川原石の駅から、墓地に向かう道は、車が通らない歩道の坂道が続く。途中、パトロール中のお巡りさんに会った。私を珍しそうに見るので「墓参りに行くんです」というと「上の??たいへんだあ。気をつけてください」と言われる。
呉の街に縁のある人なら、この車も通れない細い坂道には、馴染みがある。洗礼を受けている、とでも言えるであろう。
残念ながら、並ぶ家家は、かつての賑やかさを失いつつある。朽ちた瓦や塗り壁の立派な家が荒れていく一方だ。
川原石のお墓参りでも、帰りの1時間に1本の各駅を逃してはならぬと、時計を見ながら、墓の掃除をし、花を生け替え、線香を備えるのだ。
ここでは、なぜか昔から右隣り5基の墓に繋がりがあるらしく、うちにもいつもお花を入れてくださる。なので、私も生ける。きっと他の家がこのお彼岸に訪れてくださったであろう、花の水切りを5基分と、自分が持ってきた花を足す。
線香を備えるまでの5基分を、段取りよく動かないと、あっという間に時間が過ぎる。
帰りは坂を転がるように、駅まで小走りを続ける。
乗れた。
ここからはちょっとホッとタイム。タイミングよくLINEの連絡事項がこの時間に集中したので対応出来た。あっという間に呉市から海田市へと移動しており、持ってきたお弁当を電車の中で食べる。

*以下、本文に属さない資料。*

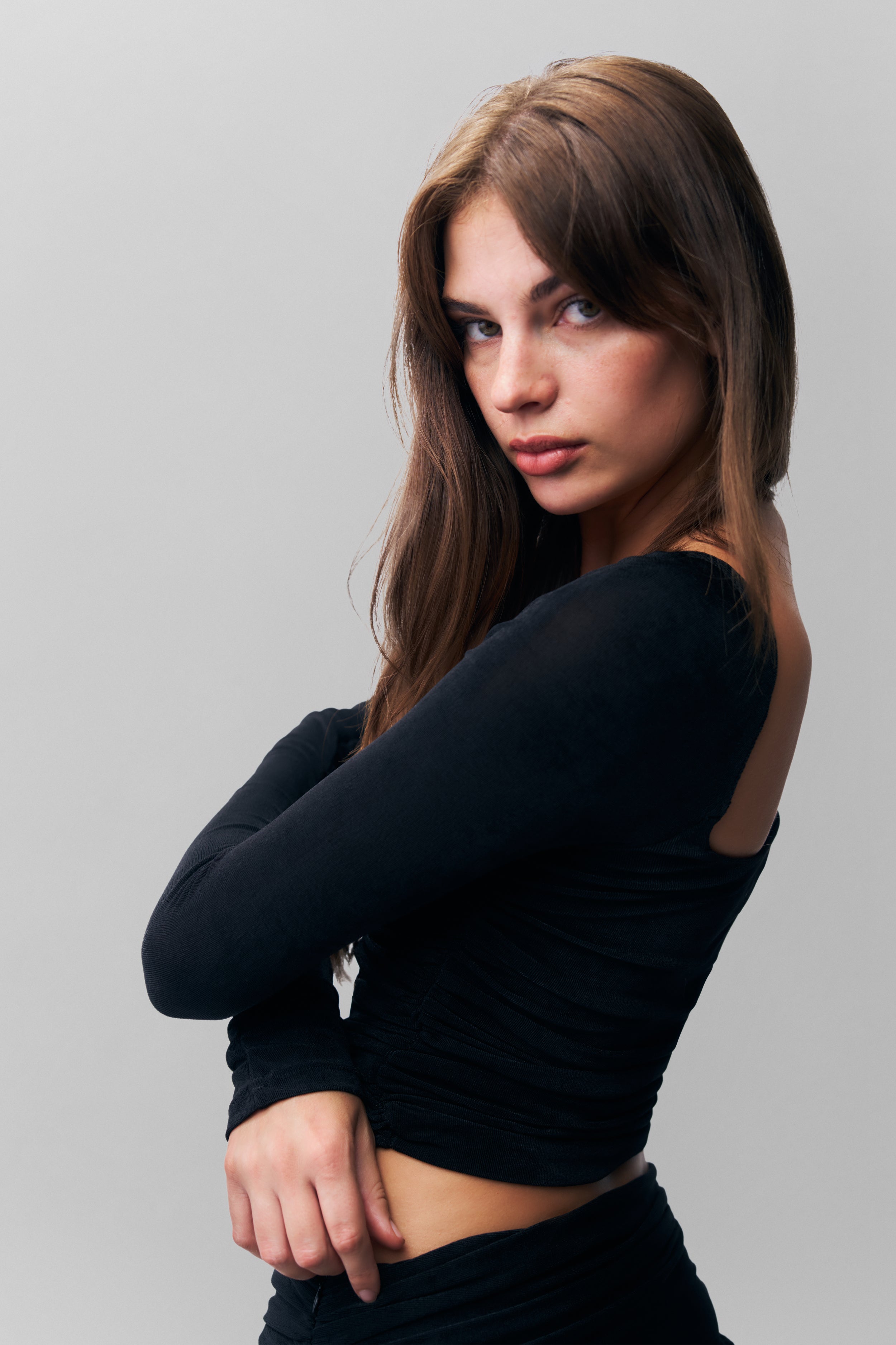 - Get ready to elevate your wardrobe with the Crisia Top! Made from our new spandex blend fabric, this top boasts an elegant sheen and features a flattering square neckline and ruching throughout. Perfect for effortlessly adding some style to any outfit.

広島駅から今度は、ホームの一番端9番線に移動し、芸備線に乗るのだ。ローカル線からローカル線への乗り換えである。
トイレのタイミングも、最近ではうまく使えるようになった。
広島駅で、トイレタイムが取れ、ここでも乗り換えが成功した。
芸備線も快速と各駅、さらに墓の最寄り駅は、各駅のみ。その上、手前までしか行かない電車もあるとなるので、一本を逃すと次は1時間後になる。
今日はラッキーな日であった。
駅からまた歩く。山を切り崩した道路の坂道をグーっと登る。人なんていない。団地へ入る車が行き交うだけ。

呉の街とは違い、ここはどこを向いても山である。
帰りは、バスになる。
これも1時間に2本。掃除してる間に、すぐに時間となった。
バスに乗るが、このバスが最寄りというわけではないので、降りたらまた歩く。橋を渡り家路に向かう。いつものスーパーに寄ると、俄然元気が出てきた。小さなみかんを買う。

無事帰宅。
今朝、8時過ぎに出発。帰ってきたのは17時前だった。
出発直後にカメラとヘッドフォンを忘れたことに気づき、戻り再出発ののち、花で手こずるも、その後は、珍しくスムーズに行った。ありがたい。
今日の歩数は14100歩だそう。